A sample of \(\mathrm{CO}_{2}\) gas at \(22{ }^{\circ} \mathrm{C}\) and 1.00 atm has a volume of \(2.00 \mathrm{~L} .\) Determine the ratio of the original volume to the final volume when (a) the pressure and amount of gas remain unchanged and the Celsius temperature is doubled. (b) the pressure and amount of gas remain unchanged and the Kelvin temperature is doubled.

Short answer

Answer: (a) The ratio of the original volume to the final volume is approximately 1.07 when the Celsius temperature is doubled. (b) The ratio of the original volume to the final volume is 2 when the Kelvin temperature is doubled.

Step-by-step solution

Label initial and final conditions

In both cases, we'll call the initial volume \(V_1\), the initial temperature \(T_1\), the final volume \(V_2\), and the final temperature \(T_2\). We begin with: \(V_1 = 2.00 \mathrm{~L}, T_1 = 22{ }^{\circ} \mathrm{C}\) and 1.00 atm pressure.

Convert initial temperature to Kelvin

To convert the initial temperature from Celsius to Kelvin, we use the formula: \(T_K = T_C + 273.15\). So, our initial temperature is: \(T_1 = 22 + 273.15 = 295.15\mathrm{~K}\). (a)

Step 3a: Double the Celsius temperature for part (a)

To find the final temperature for part (a), we need to double the initial Celsius temperature and then convert it to Kelvin: \(T_{2a} = 2 * 22 = 44{ }^{\circ} \mathrm{C}\) and \(T_{2a} = 44 + 273.15 = 317.15\mathrm{~K}\).

Step 4a: Find the volume ratio for part (a)

Using the proportionality \(V \propto T\), we can write the volume ratio: \((V_2/V_1) = (T_2/T_1)\). For part (a), this becomes: \((V_2/V_1) = (T_{2a}/T_1) = (317.15/295.15)\). The volume ratio for part (a) is approximately \(1.07\). (b)

Step 3b: Double the Kelvin temperature for part (b)

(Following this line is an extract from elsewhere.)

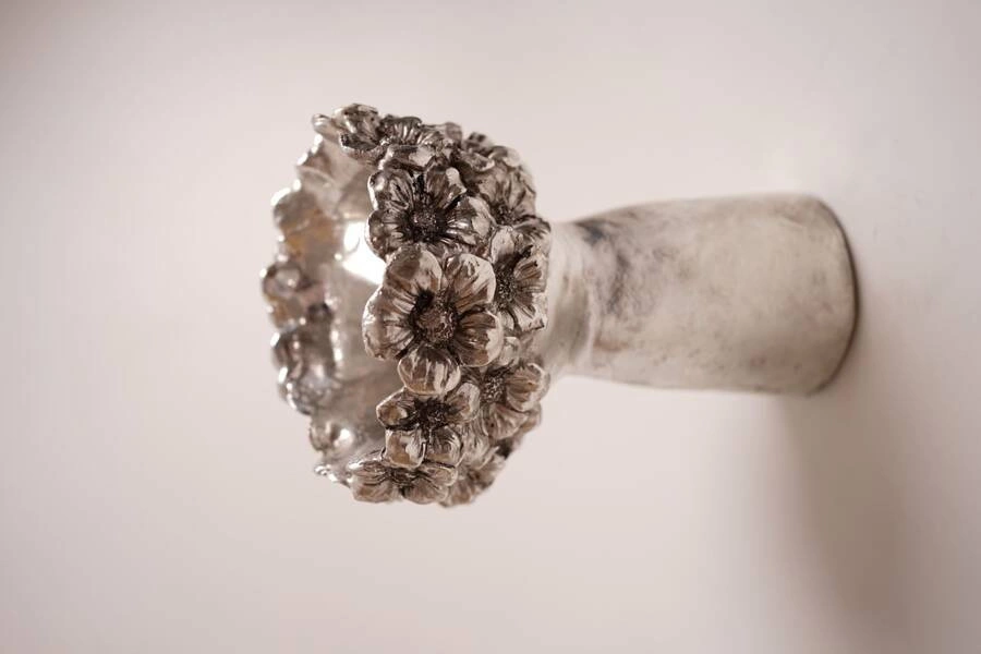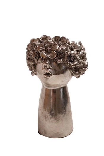 Wyjątkowej urody ceramiczna osłonka, przygotowana w kształcie głowy w srebrnym kolorze. Idealna ozdoba każdego wnętrza, podkreślająca jego charakter i klimat.
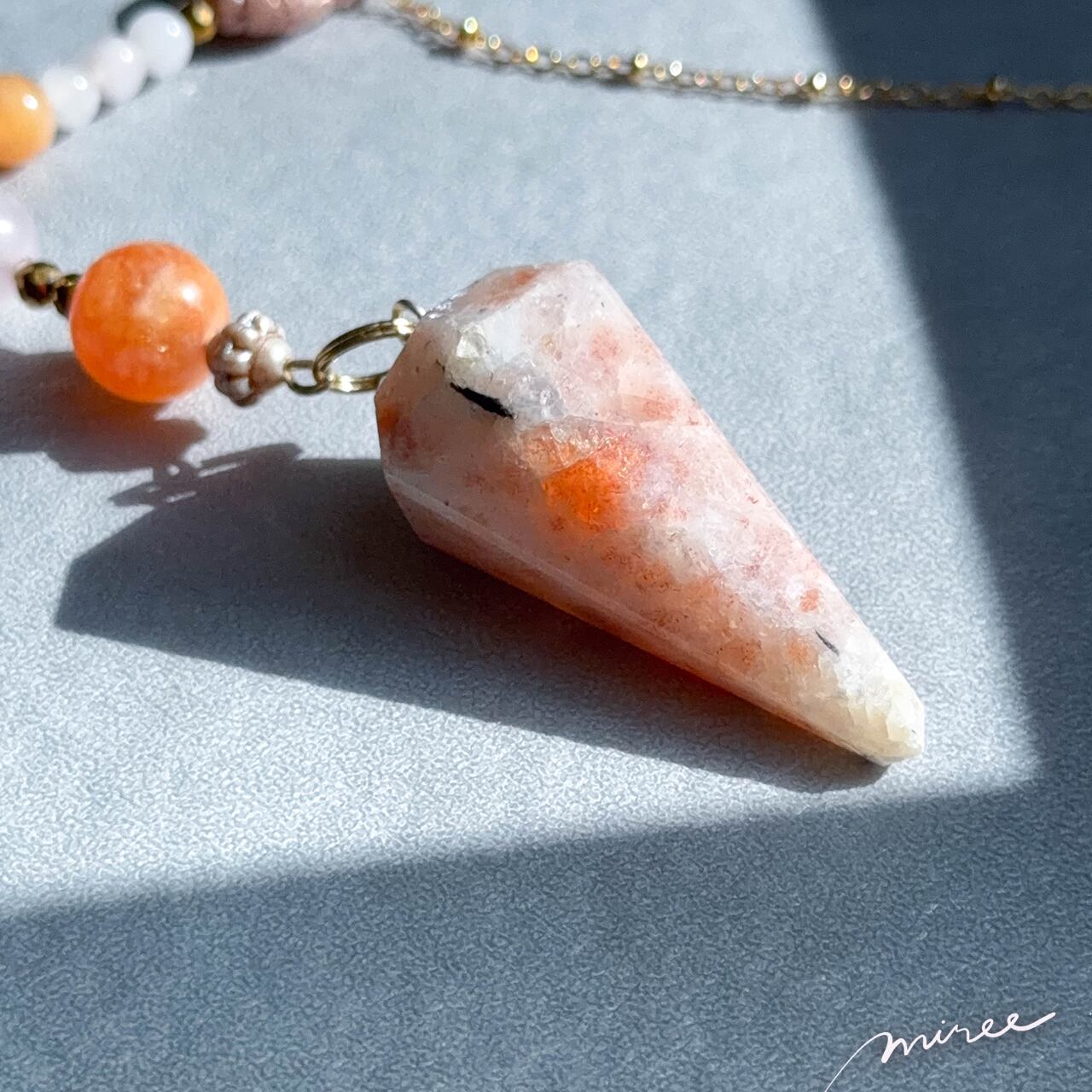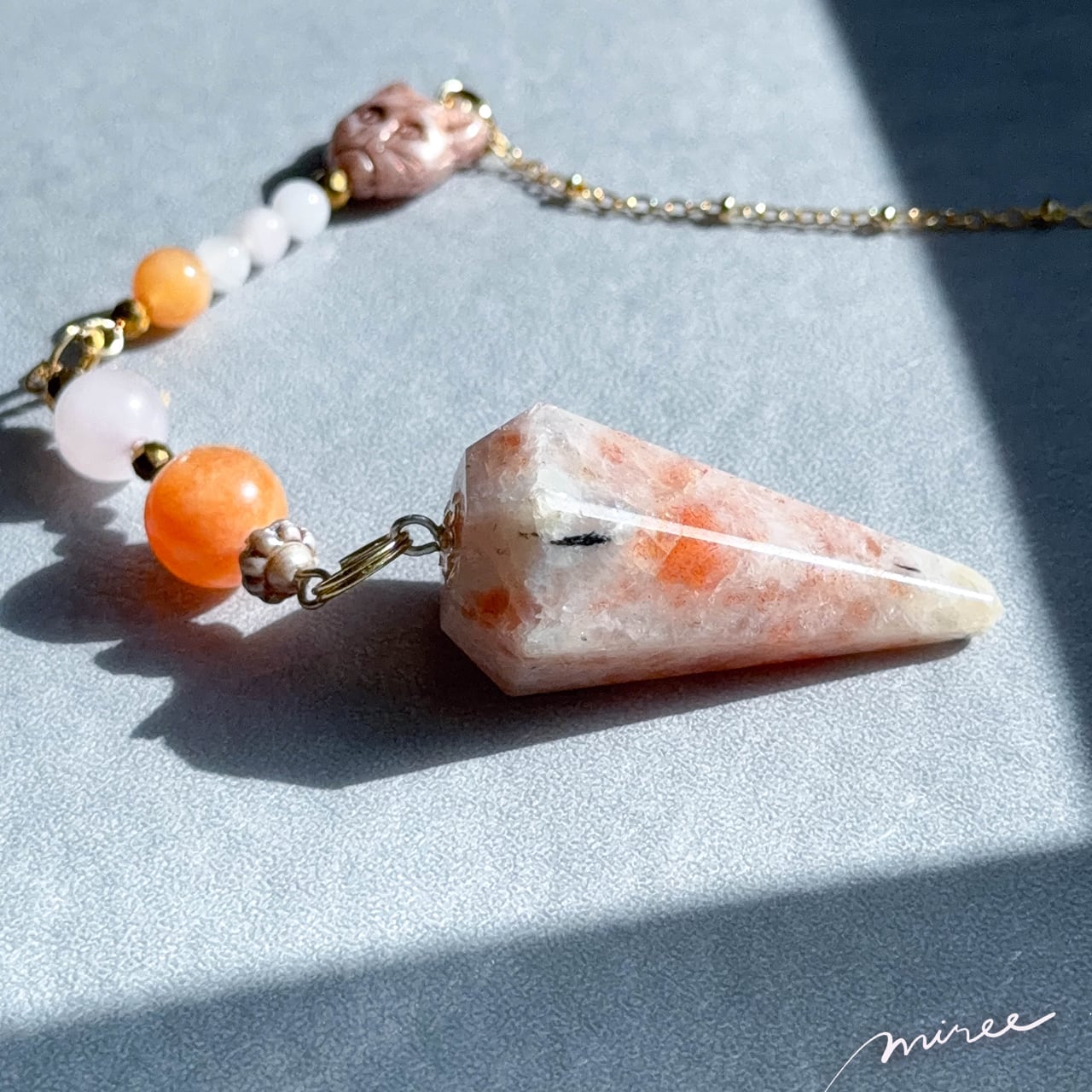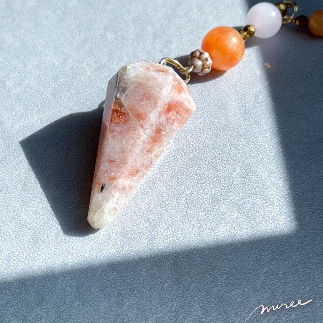 心に太陽を宿すペンデュラム【サンストーン×ローズクォーツ】sunstone pendulum_182

To find the final temperature for part (b), we need to double the initial Kelvin temperature: \(T_{2b} = 2 * 295.15 = 590.3\mathrm{~K}\)

Step 4b: Find the volume ratio for part (b)

Again using the proportionality, we can write the volume ratio: \((V_2/V_1) = (T_2/T_1)\). For part (b), this becomes: \((V_2/V_1) = (T_{2b}/T_1) = (590.3/295.15)\). The volume ratio for part (b) is \(2\). In conclusion, (a) the ratio of the original volume to the final volume is approximately \(1.07\) when the Celsius temperature is doubled, and (b) the ratio of the original volume to the final volume is \(2\) when the Kelvin temperature is doubled.